Skip the pictures. Output only the lines below starting at the line with "www.thorindustries.com INVESTOR RELATIONS" and ending at the line with "Waterbender AscensionCasting Cost: Card", both ends included, exactly as they are.

[Stored data]
⟨

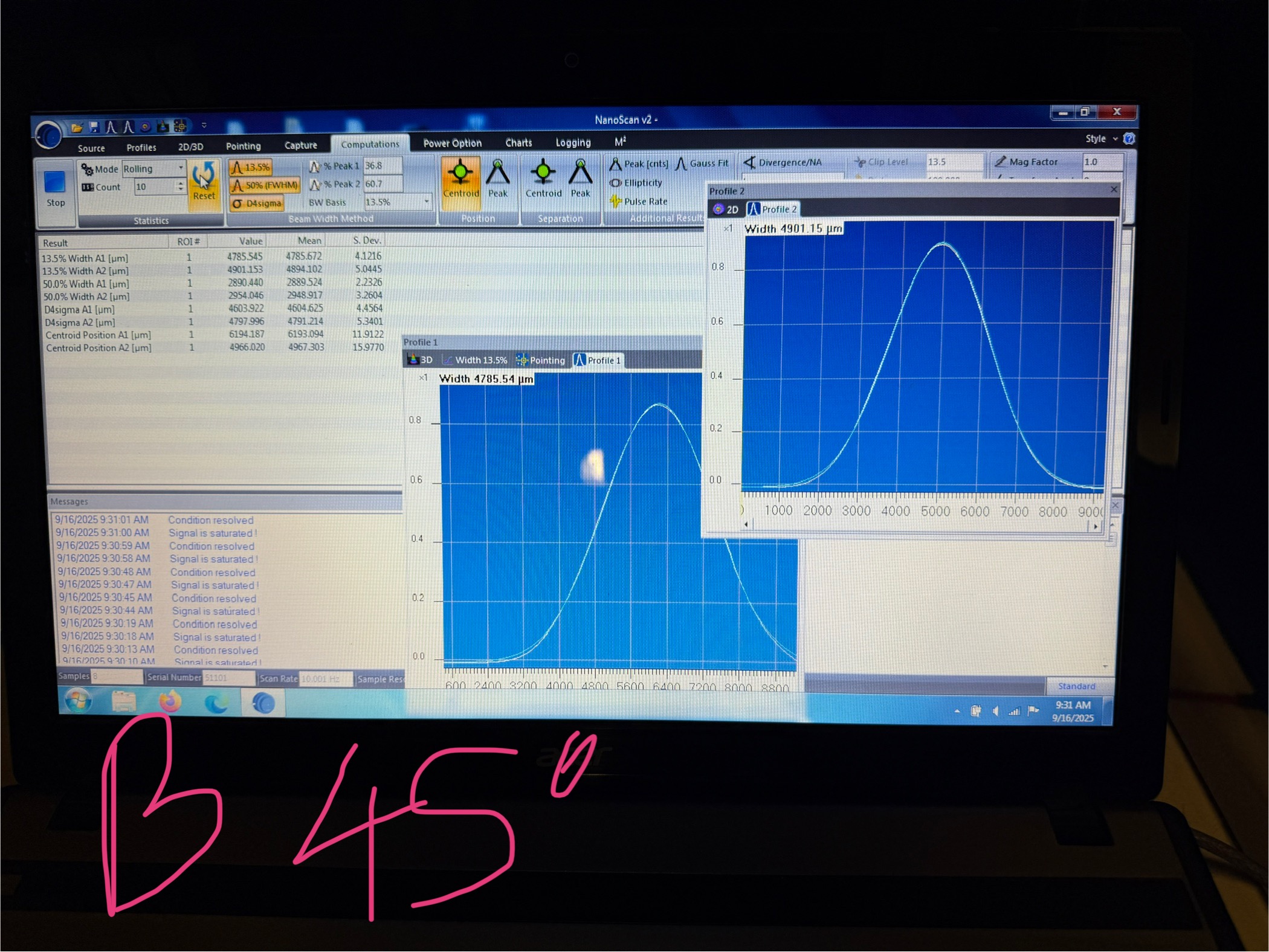 Location | D4 Sigma A1 Horizontal (um) | D4 Sigma A2 Vertical (um) | D4 Sigma A1 at 45deg (um) | D4 Sigma A2 at 45deg (um) |
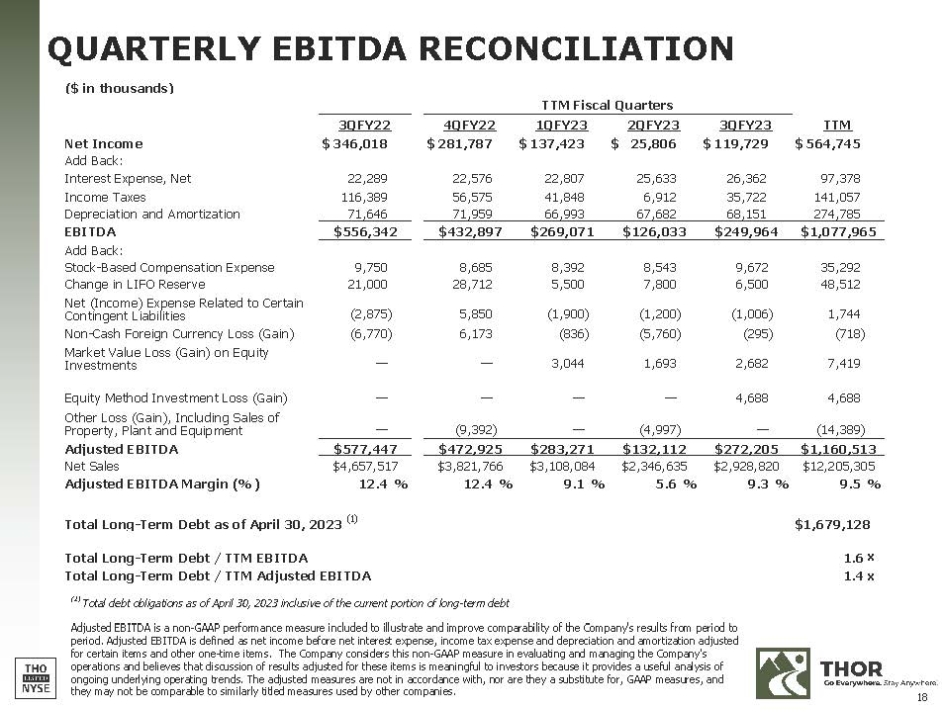 www.thorindustries.com INVESTOR RELATIONS CONTACT Michael Cieslak, CFA mcieslak@thorindustries.com (574) 294 - 7724
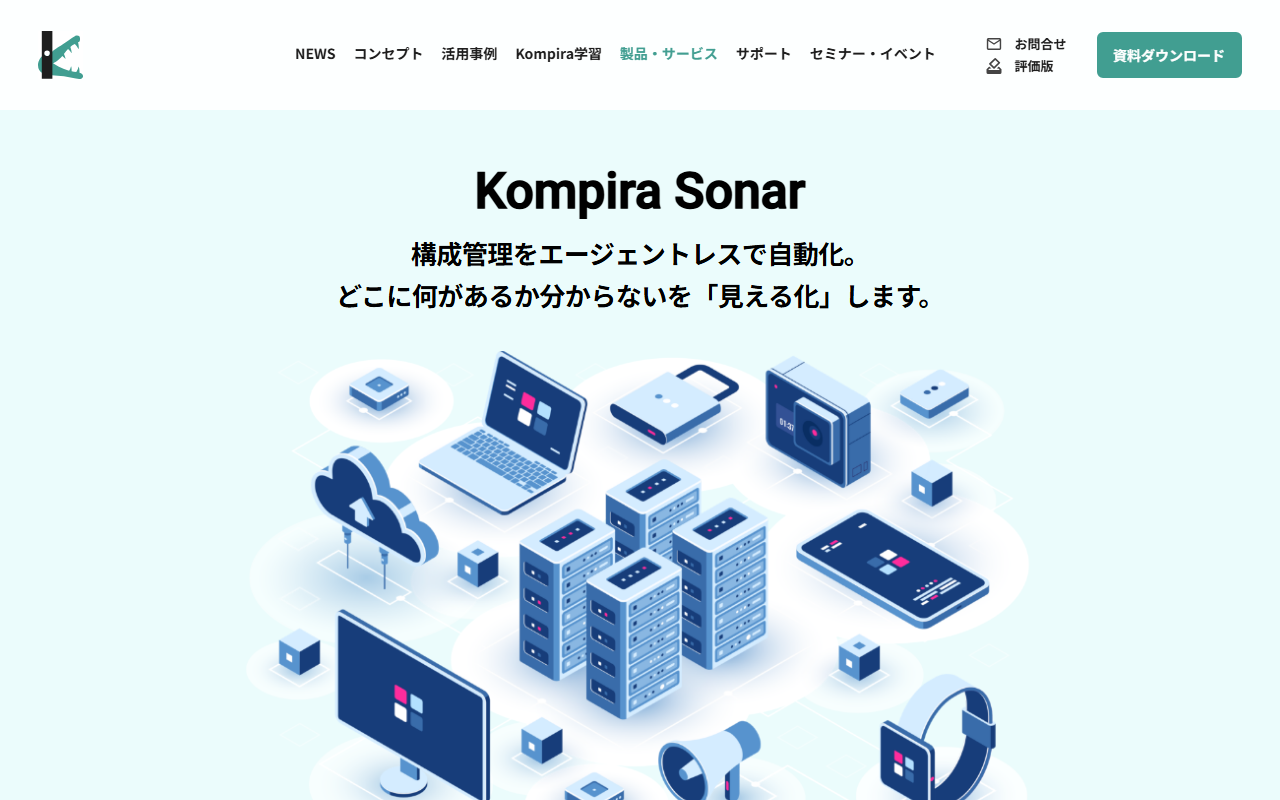 Kompira Sonarは、構成管理をエージェントレスで自動化するプラットフォームです。専用ゲートウェイをインストールするだけで、IPリーチャブルな範囲の構成情報を自動取得し、物理サーバからアプリケーション情報まで一元管理します。オンプレミスとクラウド環境の両方に対応し、未知ノードの自動検出機能も搭載しています。IT資産管理やセキュリティ対策に課題を抱える企業を対象としています。
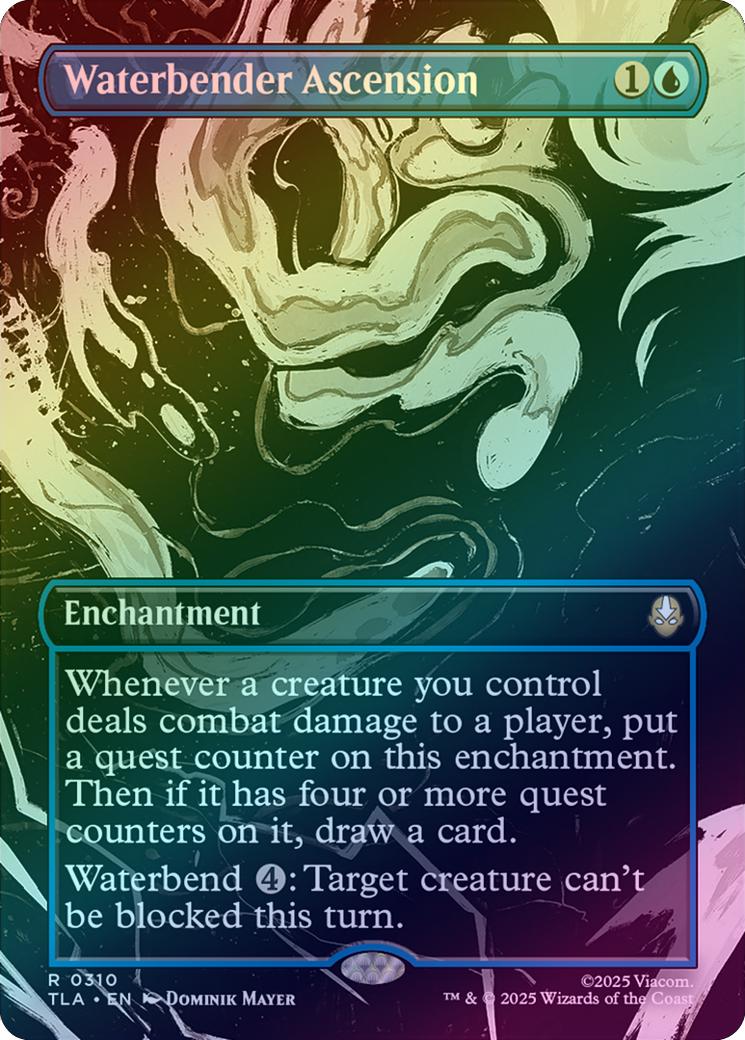Waterbender AscensionCasting Cost: Card Type: EnchantmentCard Text: Whenever a creature you control deals combat damage to a player, put a quest counter on this enchantment. Then if it has four or more quest counters on it, draw a card. Waterbend : Target creature can't be blocked this turn. (While paying a waterbend cost, you can tap your artifacts and creatures to help. Each one pays for .)Artist: Dominik Mayer
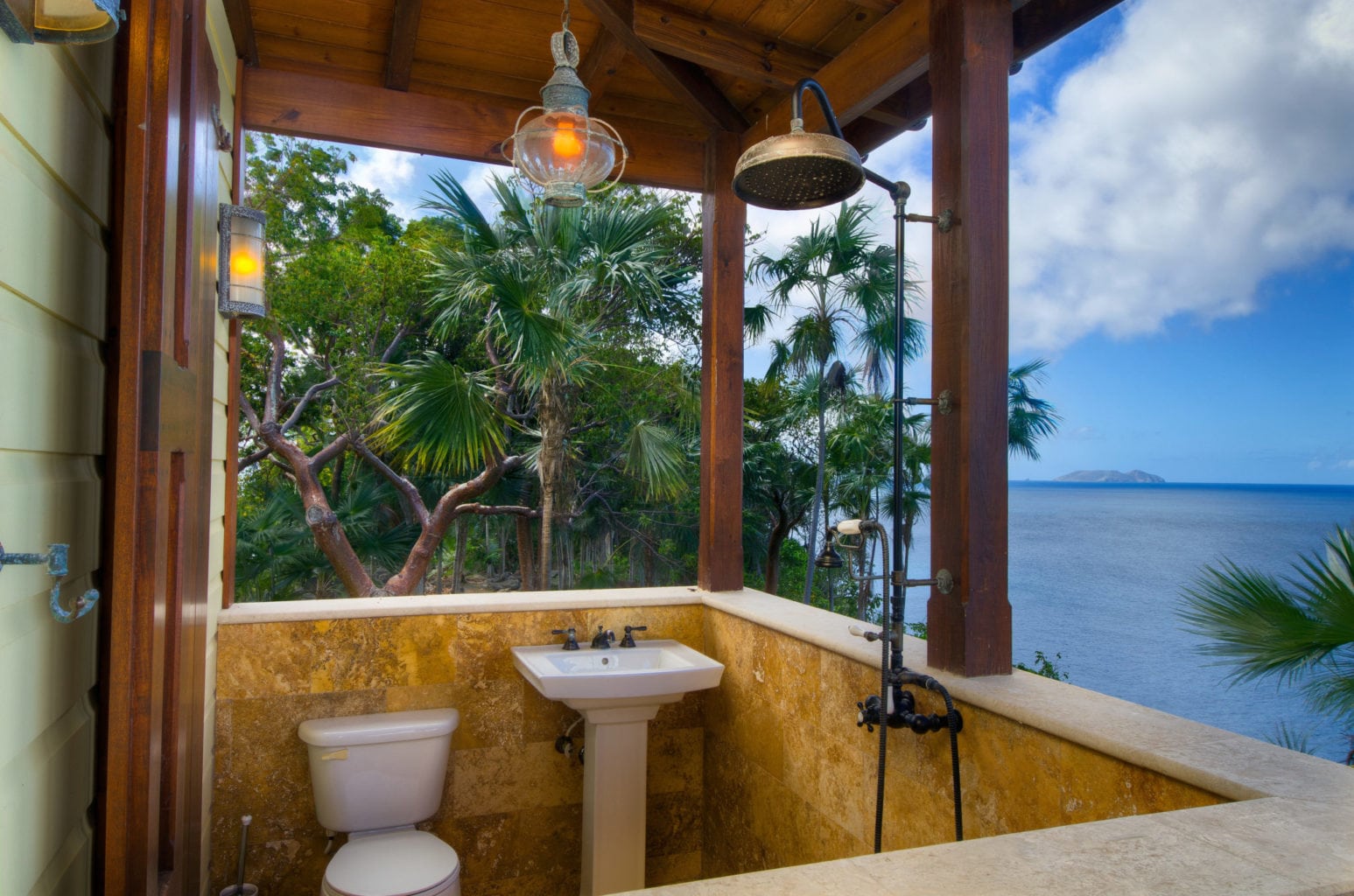 The great room, kitchen, a bedroom, outdoor bathroom & wraparound deck are on the upper level of this house layout. The lower level offers a privately-accessed bedroom suite, indoor bathroom & wraparound deck along with a private pool. Lovely grand doors open out onto the ocean with wonderful views of the entry of Soper’s Hole Marina.
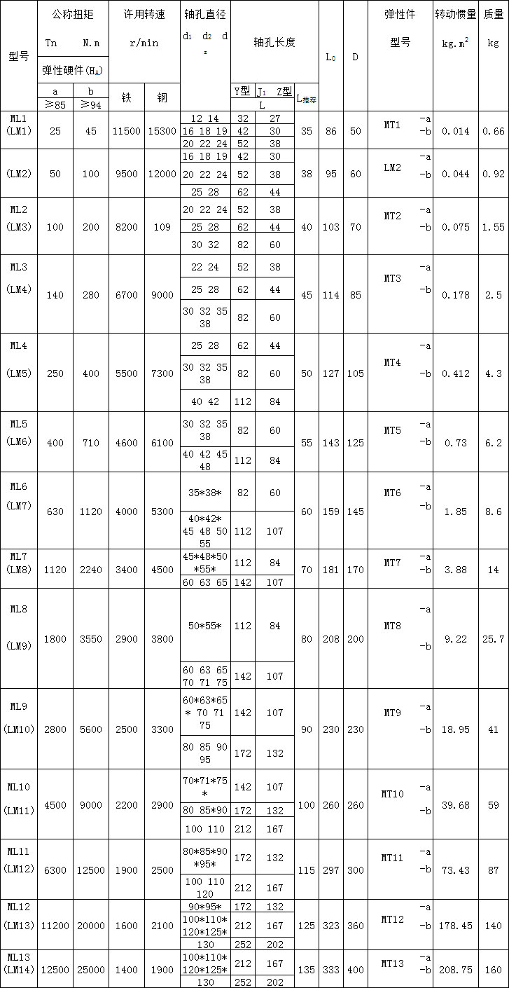 ML(LM)型梅花形弹性DAJIANG.COM_大江(中国)的参数及主要尺寸:(GB/T 5272-2002) mm
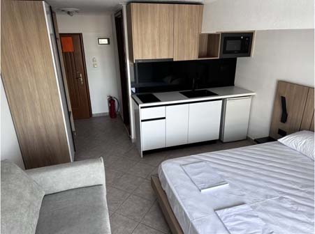 Секое студио / апартман располага со основно опремена кујна, купатило, балкон, ТВ, Wi-Fi (агенцијата не е одговорна за неговиот квалитет), клима (вклучена во цената).

⟩

_WRITTEN RESPONSE_
 www.thorindustries.com INVESTOR RELATIONS CONTACT Michael Cieslak, CFA mcieslak@thorindustries.com (574) 294 - 7724
 Kompira Sonarは、構成管理をエージェントレスで自動化するプラットフォームです。専用ゲートウェイをインストールするだけで、IPリーチャブルな範囲の構成情報を自動取得し、物理サーバからアプリケーション情報まで一元管理します。オンプレミスとクラウド環境の両方に対応し、未知ノードの自動検出機能も搭載しています。IT資産管理やセキュリティ対策に課題を抱える企業を対象としています。
Waterbender AscensionCasting Cost: Card Type: EnchantmentCard Text: Whenever a creature you control deals combat damage to a player, put a quest counter on this enchantment. Then if it has four or more quest counters on it, draw a card. Waterbend : Target creature can't be blocked this turn. (While paying a waterbend cost, you can tap your artifacts and creatures to help. Each one pays for .)Artist: Dominik Mayer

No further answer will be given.